Quote:
Originally Posted by Quoth
Google Go, Alexa, Cortana, Siri and Facebook Portal are NOT AI or smart. The voice to text is deliberately done on the companies' servers to acquire information about the users (the product). It could be done locally twenty years ago. Phones, tablets and TVs, not just so called "smart speakers" like Echo have been supplying user information to Google/Alphabet, Amazon, Microsoft, Apple, Facebook/Meta for years and this is being used in house illegally and sold to third parties. Poorly paid humans are also used to listen as actual speech recognition (really pattern matching and then a search back end for the text) isn't much better than 25 years ago. It just needs less "training" on site.
|
No it really couldn't. A modern
good home computer with a beefy GPU can barely do it now with Mozilla DeepSpeech or one of the other options floating around.

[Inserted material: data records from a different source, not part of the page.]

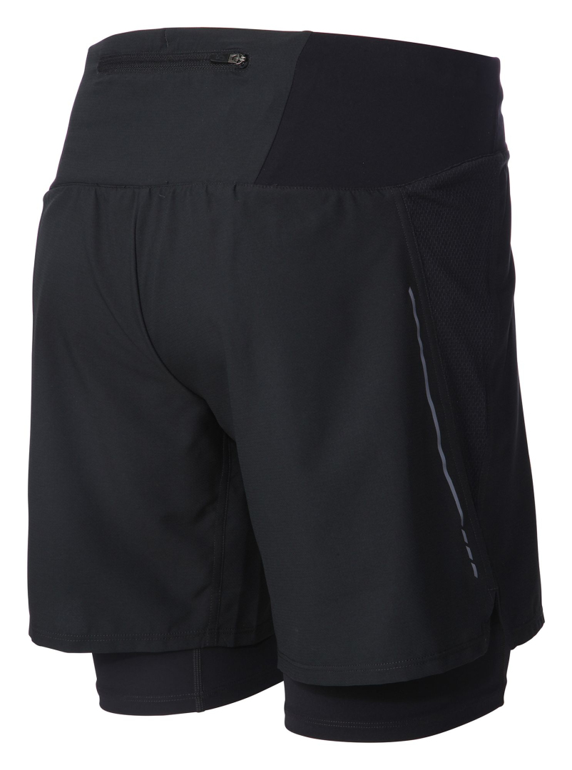 Materiál je 4-směrně elastický, doplněný o další elastické meshové panely. Na zadní části je umístěna kapsa na zip pro gel či pro uložení klíčů, telefonu, atp. Materiál kraťas obsahuje DWR zátěr, který zajišťuje dočasnou voděodolnost. Uvnitř jsou lehké elastické kalhoty s nohavičkou. Stahování v pase je provedeno elastickým popruhem, který je vložen do kříže, takže vám nikdy konec šňůrky nezapadne do dírek. Elastický popruh je také mnohem citlivější k pasu. Reflexní potisk kolem celého obvodu šortek oceníte při nočním návratu. Skvělá volba na dlouhé běhy v přírodě. Materiál: Vnější kraťasy: 100% Polyester Pas a vnitřní kalhoty: 63% Polyamide / 37% Elastane Síťovaný panel: 100% Polyester Hmotnost: 157 g / 5.5 oz
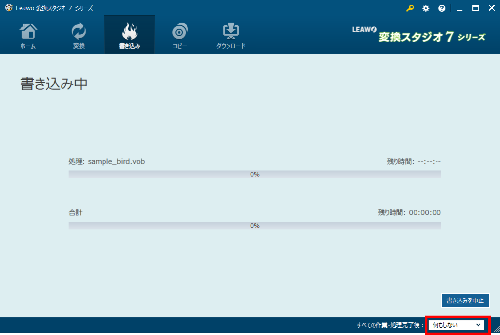 変換スタジオ7の書き込み機能には終了後の動作を指示することができます。
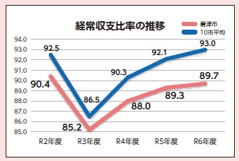 令和6年度の経常収支比率は、普通交付税や地方特例交付金などの歳入が増加したものの、人件費や公債費などの歳出が増加し、自由に使うことができる一般財源が減少したため、悪化しました。
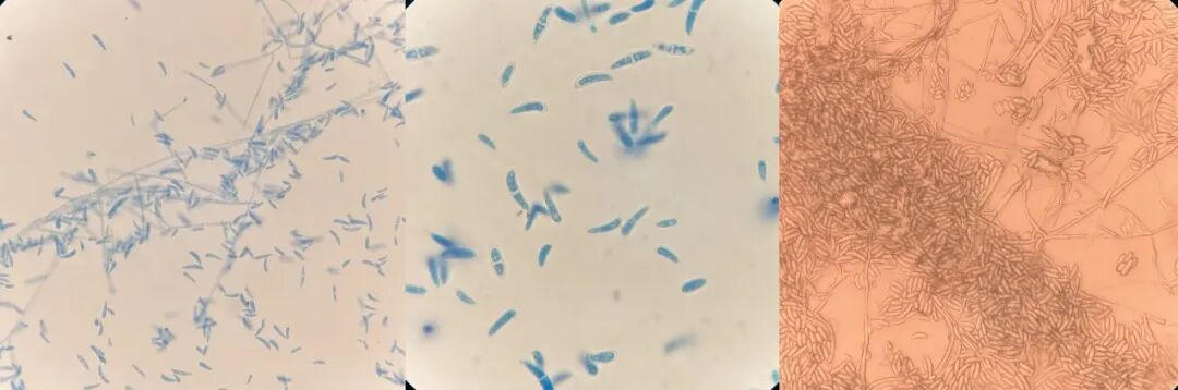 图3g棉兰染色×400、棉兰染色×1000、未染色×400镜下孢子和菌丝

It's a very different problem to have arbitrary random speech correctly detected from 10 feet away with a $3 mic setup and your kid blasting Mario music in the background than to have one with a mic jammed up in your face that you spent 2 hours training on your voice and doesn't have to process any of the context of those words either.
There's a few open source smart AI systems out there. Mycroft which is probably the biggest of them by default passes your voice to a server to process. There are other ones that don't need it like Rhasspy but you get limited canned phrases that you have to specifically train.